Esto no se aguanta más

Llevo demasiado tiempo en esto como para no saber cómo funcionan las cosas. Tengo el rostro de demasiados compañeros y compañeras grabado en la retina como para poder olvidarlo. Recuerdo muchos rostros, sí, pero, sobre todo, recuerdo el de un amigo, llamémosle Juan Antonio, con quien me encontré caminando un día por la Calle del Carmen camino de su despacho con la muerte ya pintada en la cara.

—¿Qué hay Juan Antonio? ¿Dónde vas?
—Al despacho un ratico, hay unos plazos que tengo que sacar…

Porque, en España, abogados y abogadas van a la fosa con los deberes hechos, mueren cumpliendo plazos y sin que ningún parlamento, juez, ni letrado de la administración de justicia, ni funcionario, ni ministro, ni el mismísimo Sursum Corda, les perdonen ni un sólo día hábil. Si está enfermo que trabaje, que se muera o que se aparte y deje a otro. Esas son las cartas que nos dan y con las que quieren que juguemos.

Si esa es la baraja va llegando el tiempo de romperla. Nuestra administración de justicia puede dilatar los procesos años por incuria, por dejadez, por falta de medios o por la inercia natural de los cuerpos inertes, pero si una letrada ha de dar a luz o un letrado ha de recibir quimioterapia o la extremaunción, más vale que vaya perdiendo su cliente y firmando venias mientras le dan el viático o le hacen la cesárea; los plazos en España, para la abogacía y la procura, no se detienen nunca.

Miren, si en un país la administración le pierde el respeto a la vida y a la muerte y no siente la menor empatía por quienes traen al mundo una vida o entregan la suya a la tierra, entonces es que no le tienen respeto a nada y, por lo mismo, nadie les tendrá respeto alguno.

Se ha puesto de moda considerar a abogados y abogadas cosas fungibles, cromos intercambiables, piezas indistinguibles y tal percepción, tan errónea como inicua, lleva a algunos operadores a dictar resoluciones que, ajustadas a derecho o no, repugnan al sentido común.
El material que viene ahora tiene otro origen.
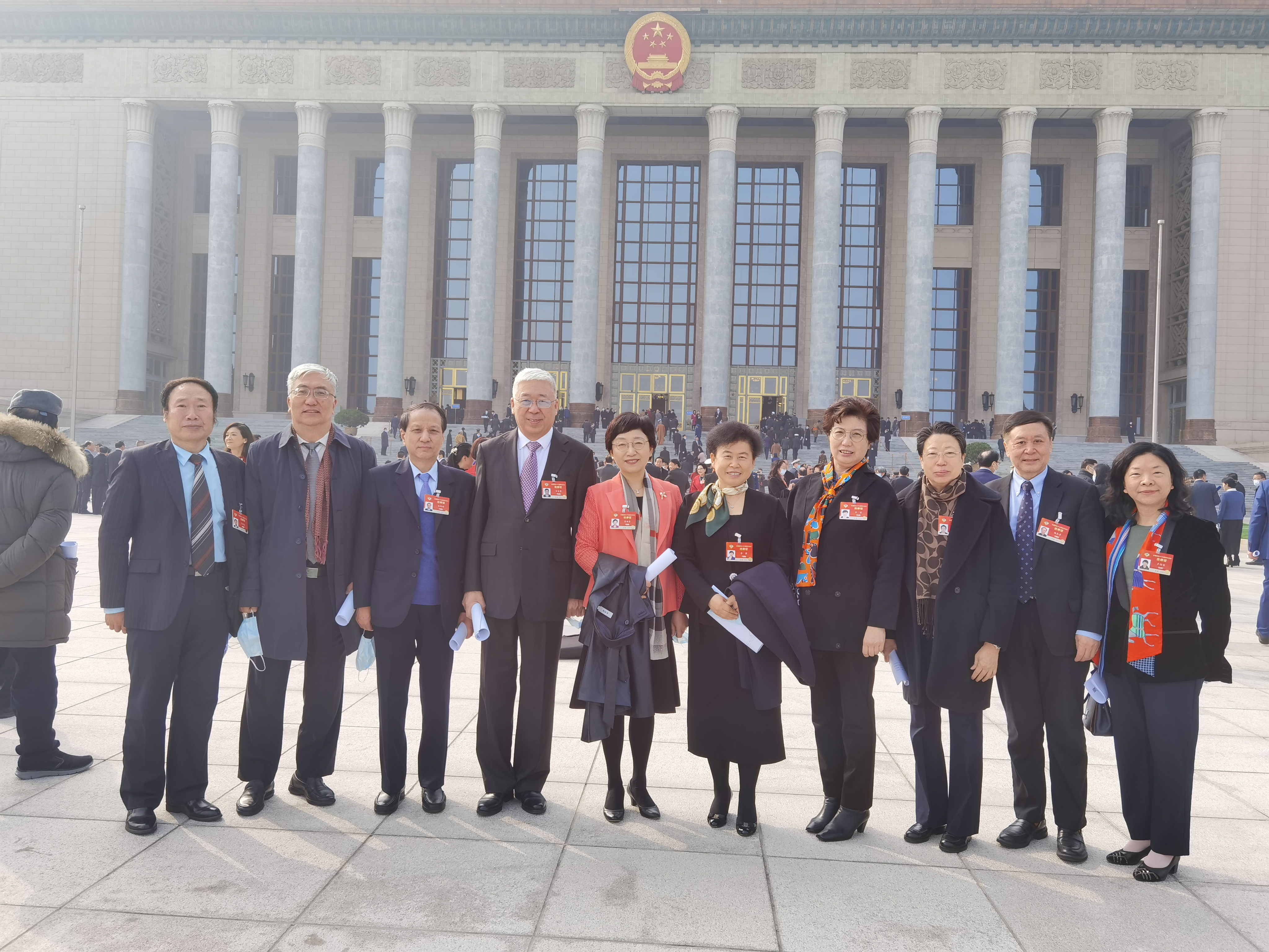 3月4日下午,全國政協(xié)十三屆四次會議在北京人民大會堂開幕。圖為部分醫(yī)衛(wèi)屆委員在步入會場前合影留念 。(岳秉飛 攝)

Llevo demasiado tiempo en esto como para no saber lo que ocurre y no tener que tocar de oído sino en primera persona. Conozco demasiado bien el problema de que hablo y me arden las vísceras que aún me quedan cada vez que a una letrada se le niegan unos pocos días para traer una vida al mundo o a un letrado unos pocos días para morirse en paz y sin plazos.
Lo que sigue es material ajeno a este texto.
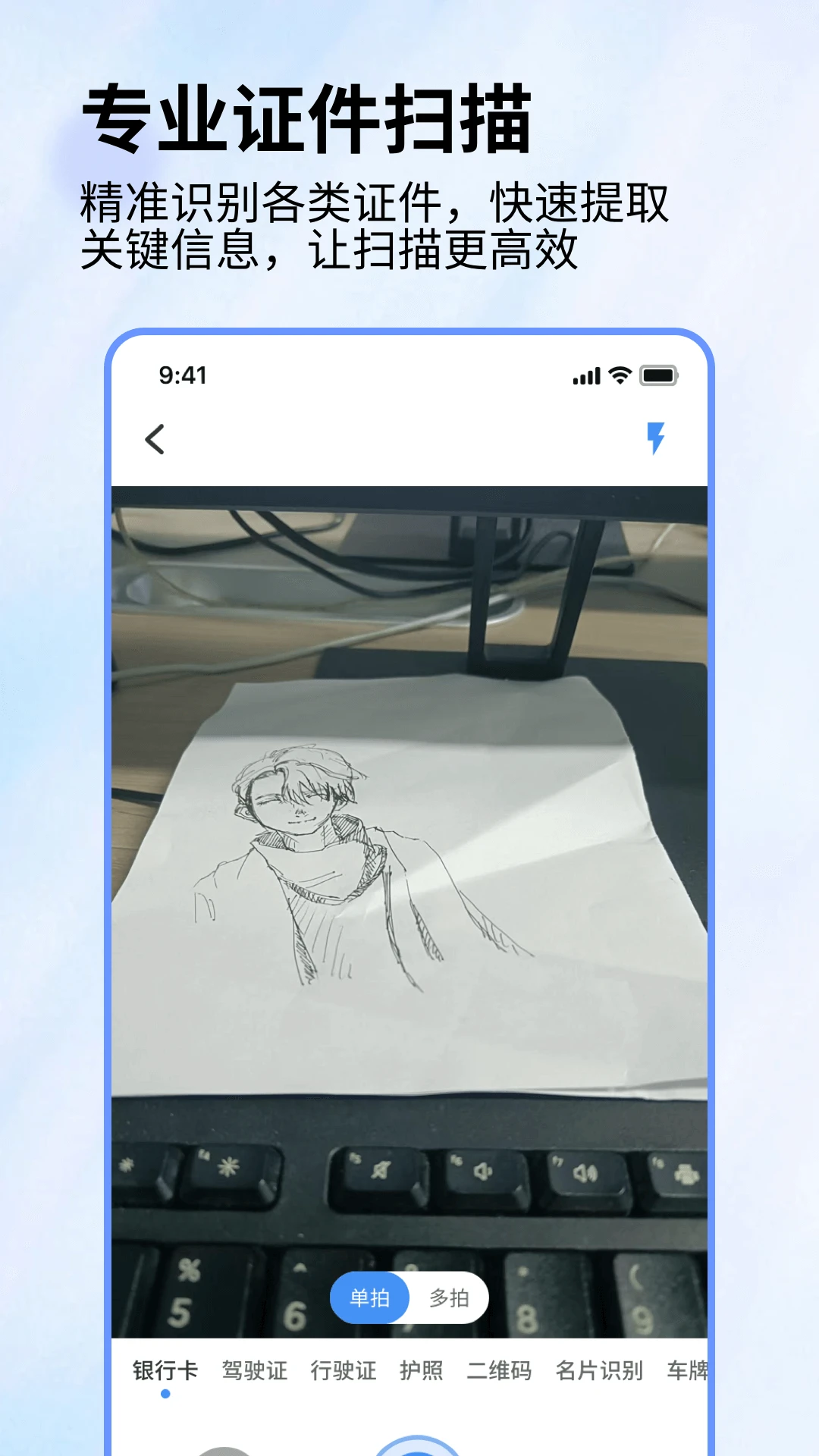 专业证件扫描模式针对身份证、银行卡等特殊尺寸文档进行优化,自动生成标准电子副本

Tiene cojones que, cuando la vida nos emplaza, una administración ande todavía quitándonos vida.

La actual regulación de la conciliación familiar y profesional de la abogacía y la procura no se aguanta ni un segundo más si es que queda un átomo de vergüenza entre quienes nos gobiernan. En el Congreso de la Abogacía Independiente del año pasado se aprobó una propuesta de proposición de ley que recibieron la mayoría de los grupos parlamentarios (incluido el actual ministro personalmente) y con la que todos dijeron estar de acuerdo.

Ha pasado un año y seguimos esperando. Esto ya no se aguanta más.

Miedo

Somos seres frágiles, la vida es un vidrio que se rompe en cualquier momento y no es fácil vivir con la preocupación constante de perderla. En estos tiempos de enfermedad el miedo crece y es difícil a veces conllevarlo, así que he pensado que, quizá, lo mejor sería tratar de observar lo que hacen para vencerlo unas personas que se enfrentan regularmente a él: los toreros.

De entre ellos, quizá, fue Juan Belmonte quien más y mejor nos habló del miedo a través de la pluma de Manuel Chaves Nogales.

«El día que se torea crece más la barba. Es el miedo. Sencillamente, el miedo. Durante las horas anteriores a la corrida se pasa tanto miedo, que todo el organismo está conmovido por una vibración intensísima, capaz de activar las funciones fisiológicas, hasta el punto de provocar esta anomalía que no sé si los médicos aceptarán, pero que todos los toreros han podido comprobar de manera terminante: los días de toros la barba crece más aprisa».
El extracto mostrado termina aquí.